Supplied data:
|---|

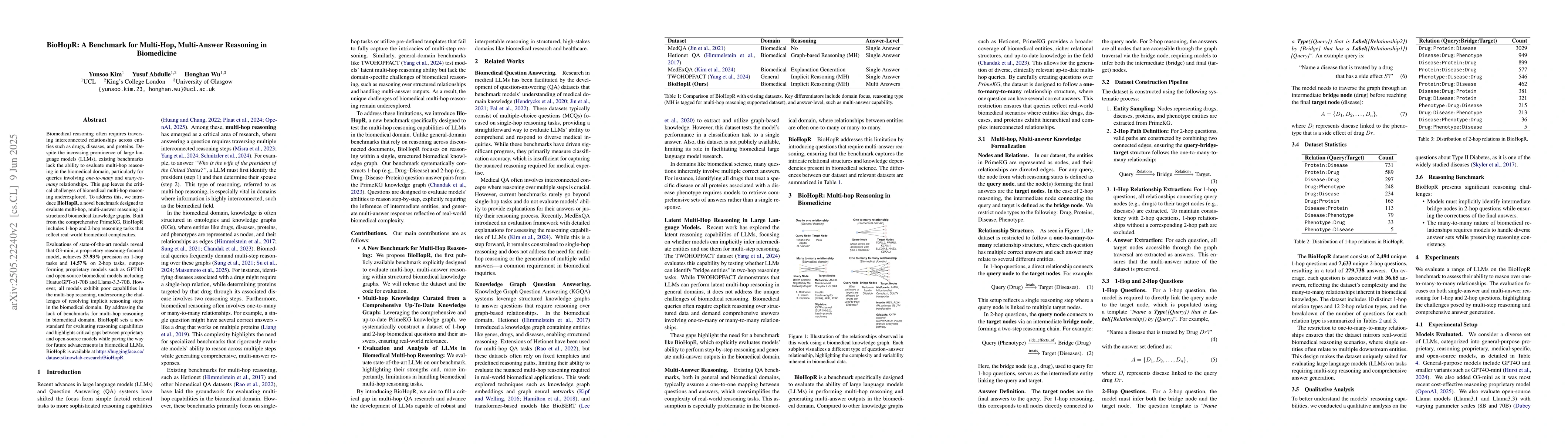 A new benchmark called BioHopR evaluates multi-hop reasoning in biomedical domain with 1-hop and 2-hop tasks, outperforming existing models with high precision rates, highlighting critical gaps between proprietary and open-source models.
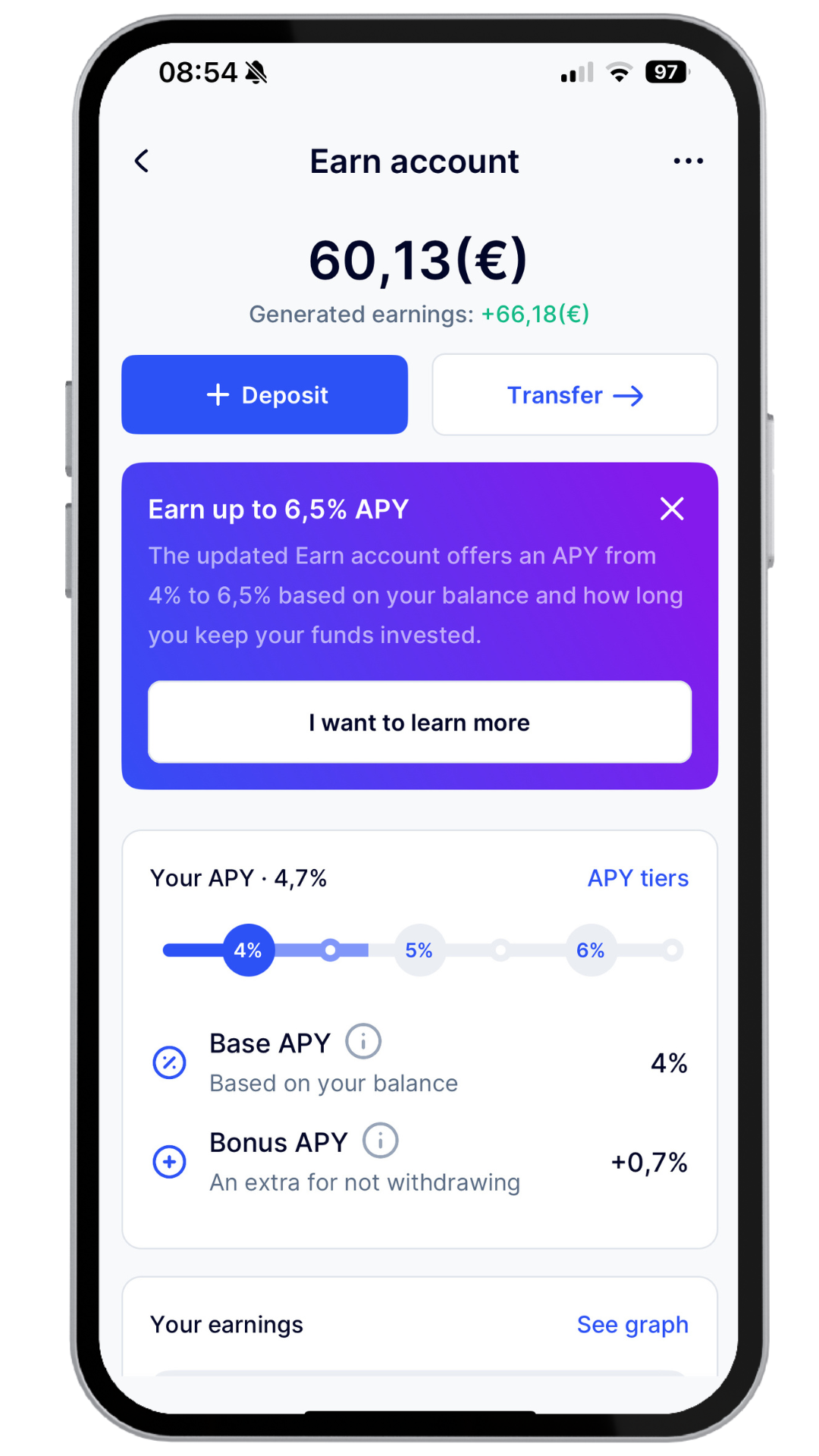 The Earn account is an investment product; your capital is at risk and may not be suitable for retail investors. Consider your knowledge and experience before making investment decisions.
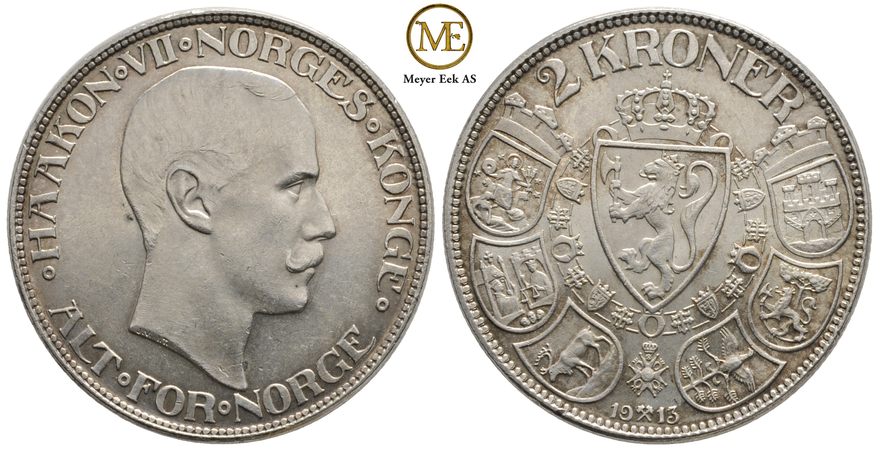 2 kroner 1913 Haakon VII. Kv.0/01meget pent eksemplar
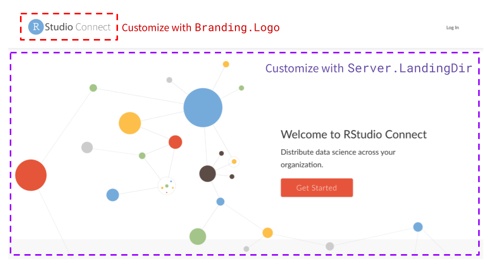 The page that anonymous and logged-out users see when they visit RStudio Connect can be customized with Server.LandingDir. This setting takes a path to a directory containing the index.html page you’d like to serve in place of the “Welcome to RStudio Connect” page you see below:

|---|

Each line of the material is to be output exactly. Images are not part of the expected output.

Expected answer:
 A new benchmark called BioHopR evaluates multi-hop reasoning in biomedical domain with 1-hop and 2-hop tasks, outperforming existing models with high precision rates, highlighting critical gaps between proprietary and open-source models.
 The Earn account is an investment product; your capital is at risk and may not be suitable for retail investors. Consider your knowledge and experience before making investment decisions.
 2 kroner 1913 Haakon VII. Kv.0/01meget pent eksemplar
 The page that anonymous and logged-out users see when they visit RStudio Connect can be customized with Server.LandingDir. This setting takes a path to a directory containing the index.html page you’d like to serve in place of the “Welcome to RStudio Connect” page you see below:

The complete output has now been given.